Как-то само собой вышло, что Феликс опять был впереди; как-то само собой вышло, что Гера чувствовал удовлетворение от того, будто бы он только что как-то само собой сдал некий экзамен; ты принят, словно бы говорила белоснежная спина манерно вышагивая впереди – как-то само собой, само собой.

Вертит жопой, как бандит ножичком, думал Гера глядя чуть ниже белой спины; он немного злился.

Они вошли в кафе.

- Может, выпить кофе? Здесь варят замечательный кофе, - Феликс кивнул в сторону столика у окна.

- Отчего бы не выпить, - согласился Гера.

Феликс ушёл разменивать деньги, Гера сел за столик и попросил себе пива. Этот хуило – гомик, неожиданно подумал он. Вспомнил недавние: впечатления от появления Феликса, его несколько надменные манеры, кожу, полупрофиль; стал понятен и взгляд женщины в конторе – она приняла Геру за очередного дружка-содомита Фели (серьга в ухе, бублик недельной щетины вокруг рта при в остальном идеально обритой голове, обтягивающая маечка на хорошо развитом торсе – вполне предсказуемый портрет неизящного гея). Верочка – он гомасио, укрепился в своём прозрении Гера, наблюдая как Феликс подходит к столу своей пунктирной походкой. Тот сел и заказал себе кофе с пирожным.

- Вот деньги, - он положил купюры на стол перед Герой, - всё, что я брал у Тимофея. Он мне здорово помог тогда. Передай ему ещё одну мою благодарность.

Ладно.

Они работают вместе?

- Типа того, - отмахнулся Гера этим дебильным фразеологизмом.

- Я вам завидую.

Гера искренне удивился: кому?

Им с Тимофеем, у них интересная работа – клубы, шоу, вечеринки, ночной образ жизни, интересные люди, должно быть.

- А ты не ходишь на вечеринки, Феликс?

- О. Лишь изредка – не хватает времени. Работа, дом, этот дурацкий офис… Сплошной абсурд, одним словом.

Двумя.

Он не понял.

- Сплошной абсурд – это два слова, - им принесли заказ, - и не нужно нам завидовать, уверяю, и в моей жизни абсурда хоть отбавляй.

- В самом деле?

У понятия абсурд очень много смысловых оттенков: до абсурдного смешно, до абсурдного нелепо, или скучно, или трагично. Он что имеет в виду, говоря о своей жизни «сплошной абсурд»?

- Всего понемногу, полагаю, - Феликс смотрел в окно, - хотя то, о чём ты говоришь, всего лишь качественная степень.

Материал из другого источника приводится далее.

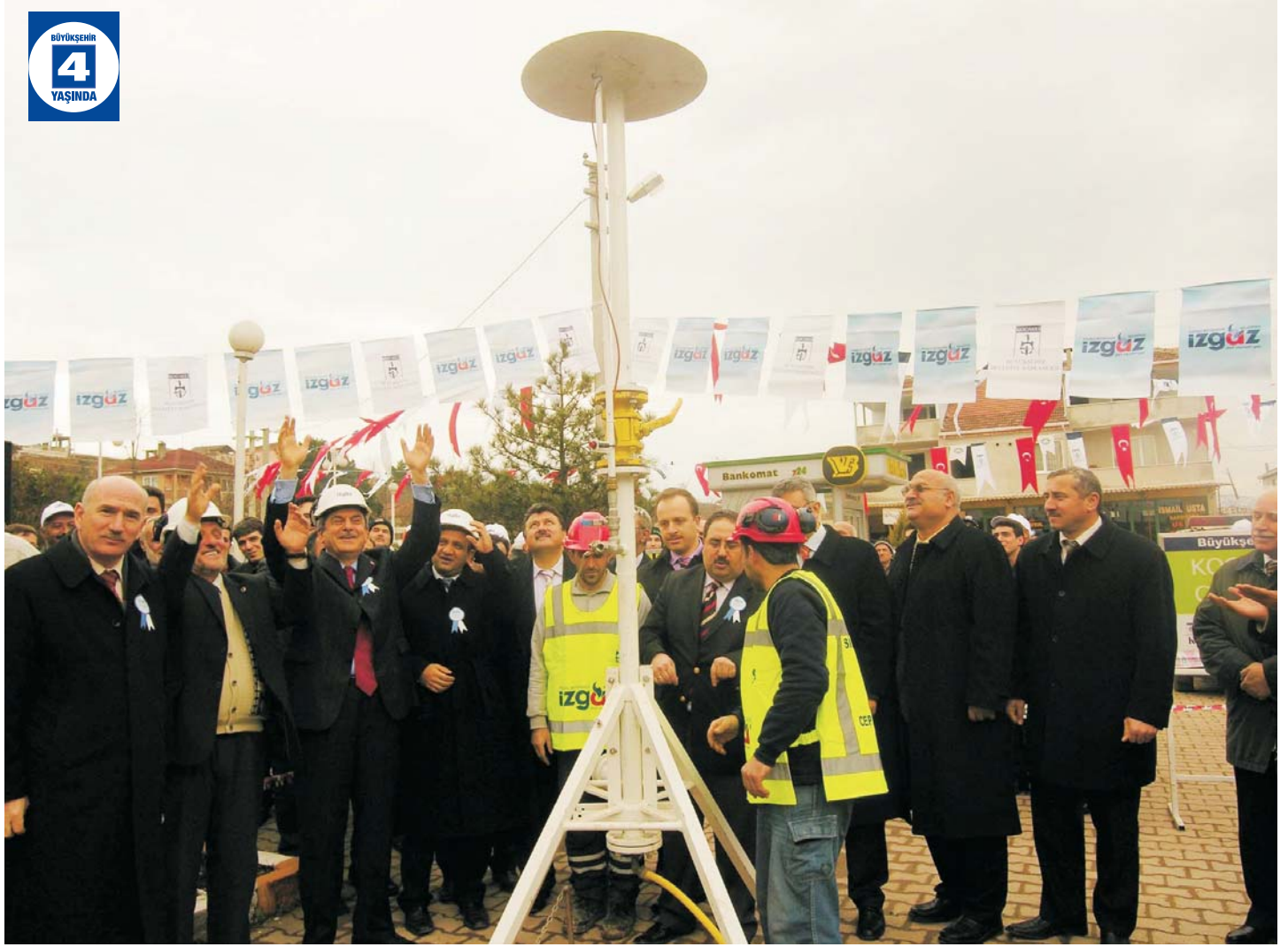
Başiskele'ye Doğalgaz Verilmesi

- Вот именно. А вот когда абсурд является вещью в себе, когда он самодостаточен до обыденности, тогда он выходит на совершенно новый, иной качественный уровень, хотя бы посредствам восприятия этой жизни.

- И как по-твоему можно описать этот уровень одним словом?

Дурдомчатость; Гере вдруг вспомнился сон.

- И есть примеры?

- В смысле?

- Абсурда такого уровня. Может расскажешь какую-нибудь историю? Из своего богатого опыта. Обожаю абсурдные истории, - Феликс аккуратно откусил кусочек пирожного.

Гера смотрел на него. Потом глянул на свою кружку с пивом и сделал глоток. Истории, - покатал он слово во рту вместе с пивом. Хорошие истории, говорит, писал Геродот. Никого не зови счастливым до самой смерти, - так писал Геродот в одной из своих историй.

- Верно подмечено. Просто замечательно.

- Согласен, очень верно. Я тоже, знаешь ли, люблю писать. Но я всё больше пишу стихи.

- О.

- Да. А ещё, Феликс, я очень часто сижу в тюрьме. В последний раз суд отмерил мне шесть лет строгого режима за разбойное нападение. Я только неделю как оттуда, - Гера смотрел на Фелю, Феля размешивал сахар в своей кружке с кофе. Он расскажет ему историю одного стихотворения. Сгодится ли Феле такая история?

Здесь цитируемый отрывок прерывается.